Malignant infantile osteopetrosis, presenting as haemolytic anemia: a case report.
The characteristic feature of malignant infantile osteopetrosis (MIOP), an autosomal recessive disorder, is the decreased activity of osteoclasts leading to generalized bone osteosclerosis. Densely sclerotic fragile bones are formed because of the defective osteoclast activity along with regular bone formation by osteoblasts.  Consequent impaired bone resoption and endochondral formation replaces The hematopoietic cells in the medullary cavity are replaced by the subsequent damaged bone resorption and endochondral formation, which further elevates the occurrence of fractures owing to bone fragility. Moreover, hematological abnormalities such as thrombocytopenia, anemia, susceptibility to infections, and extramedullary hematopoiesis can result because of the decrease in hematopoietic cells. The cranial nerve foramina overgrows, which leads to nerve compression that regularly affects the optic, auditory, and facial nerves. The disease is fatal in infancy and is cured with hematopoietic stem cell transplantation (SCT), with a rate of success by 50% and unsatisfactory rescue of growth and visual deterioration. 
A 4-month-old male infant was referred to the pediatric emergency with complaint of progressive pallor for 15 days, cough, fever, and breathlessness for 10 days. He was having similar history before 2 months and was treated in a local hospital with antibiotics and blood transfusion. He was born to a third-degree consanguineous family and possessed two dead siblings with similar presentation. He was having no history of birth asphyxia. The child was yet to attain neck holding, was not doing visual fixation on bright objects, and on examination, was febrile and irritable. He was having severe pallor, tachypnea, chest indrawing, nasal flaring, lethargy, poor feeding, drooling of saliva, and grunting. Systemic examination revealed hepatomegaly with the liver noted to be 5 cm and splenomegaly with the spleen noted to be 3 cm. He was having bilateral crepitations in chest. The patient underwent an open anterior fontanel with 5 x 5 cm in size. His weight was 4.6 kg, length 53 cm, and head circumference 38 cm. He showed pale appearance, and fundoscopic examination showed optic atrophy bilaterally. He was having hepatosplenomegaly, deformed thorax, and widened wrist joint [Figures 1 and 2]. On investigation, the following results were obtained: Hb, 4.6 g%; TLC, 8,200; and TPC, 40,000. More investigations were done to look for the cause of anemia. He showed normocytic anemia and reticulocytosis. Peripheral blood smear was significant for leukoerythroblastosis. Chest X-Ray revealed very dense ribs and dense bone in wrists and limbs [Figures 3 and 4]. Hb electrophoresis revealed AA band. Liver enzymes were raised as follows: AST, 118 IU; ALT, 132 IU; ALK PO, and 750 IU. Ultrasonography of abdomen revealed hepatosplenomegaly. A computed axial tomographic scan of orbits demonstrated the narrowing of the optic foramina bilaterally. Bone marrow aspiration showed hypocellularity. Fundoscopy showed bilateral optic atrophy. On performing arterial blood gas, the blood pH and other parameters were at normal levels. Urinary pH was at normal level along with other routine urinary parameters. TORCH panel results came to be negative. Echocardiography showed normal findings.

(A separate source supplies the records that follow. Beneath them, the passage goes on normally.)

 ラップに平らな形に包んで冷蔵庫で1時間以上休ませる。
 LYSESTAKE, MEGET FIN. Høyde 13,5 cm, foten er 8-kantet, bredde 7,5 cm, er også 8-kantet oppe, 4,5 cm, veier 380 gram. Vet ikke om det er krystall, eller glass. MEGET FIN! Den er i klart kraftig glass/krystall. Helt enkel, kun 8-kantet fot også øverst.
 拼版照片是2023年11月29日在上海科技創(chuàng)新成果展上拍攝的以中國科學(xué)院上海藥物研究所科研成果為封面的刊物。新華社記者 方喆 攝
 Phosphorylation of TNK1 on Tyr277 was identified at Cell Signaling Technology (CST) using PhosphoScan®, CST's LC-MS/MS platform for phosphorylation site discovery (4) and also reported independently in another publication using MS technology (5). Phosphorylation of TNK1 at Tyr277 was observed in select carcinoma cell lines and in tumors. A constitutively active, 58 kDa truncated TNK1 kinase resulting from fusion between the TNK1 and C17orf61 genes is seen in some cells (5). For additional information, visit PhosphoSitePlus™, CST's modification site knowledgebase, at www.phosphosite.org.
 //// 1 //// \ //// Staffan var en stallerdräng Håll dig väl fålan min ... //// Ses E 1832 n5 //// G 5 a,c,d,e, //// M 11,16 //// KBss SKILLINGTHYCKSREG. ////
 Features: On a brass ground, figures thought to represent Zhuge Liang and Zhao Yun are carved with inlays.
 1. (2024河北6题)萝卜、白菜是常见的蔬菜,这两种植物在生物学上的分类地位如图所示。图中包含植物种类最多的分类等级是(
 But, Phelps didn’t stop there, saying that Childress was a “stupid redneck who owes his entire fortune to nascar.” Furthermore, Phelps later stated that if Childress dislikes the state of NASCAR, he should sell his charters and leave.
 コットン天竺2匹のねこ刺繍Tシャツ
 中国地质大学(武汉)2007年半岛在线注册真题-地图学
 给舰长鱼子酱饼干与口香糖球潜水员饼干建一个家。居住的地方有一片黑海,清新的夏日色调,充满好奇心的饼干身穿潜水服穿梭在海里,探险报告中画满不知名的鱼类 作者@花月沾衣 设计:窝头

Our initial diagnosis was congenitally acquired infection (TORCH) or a kind of storage disease, but physical examination and laboratory results confirmed the diagnosis of osteopetrosis (OP). The absence of any metabolic acidosis with an alkaline urine pH and the absence of cerebral calcifications excluded a diagnosis of carbonic anhydrase II deficiency syndrome. Familial erythrophagocytic lymphohistiocytosis and familial histoplasmosis were also considered in the differential diagnosis. Peripheral blood smear, bone marrow aspiration, and radiological features did not support the diseases. The child was treated in line of ARI and, after stabilization, referred to higher center for stem cell therapy.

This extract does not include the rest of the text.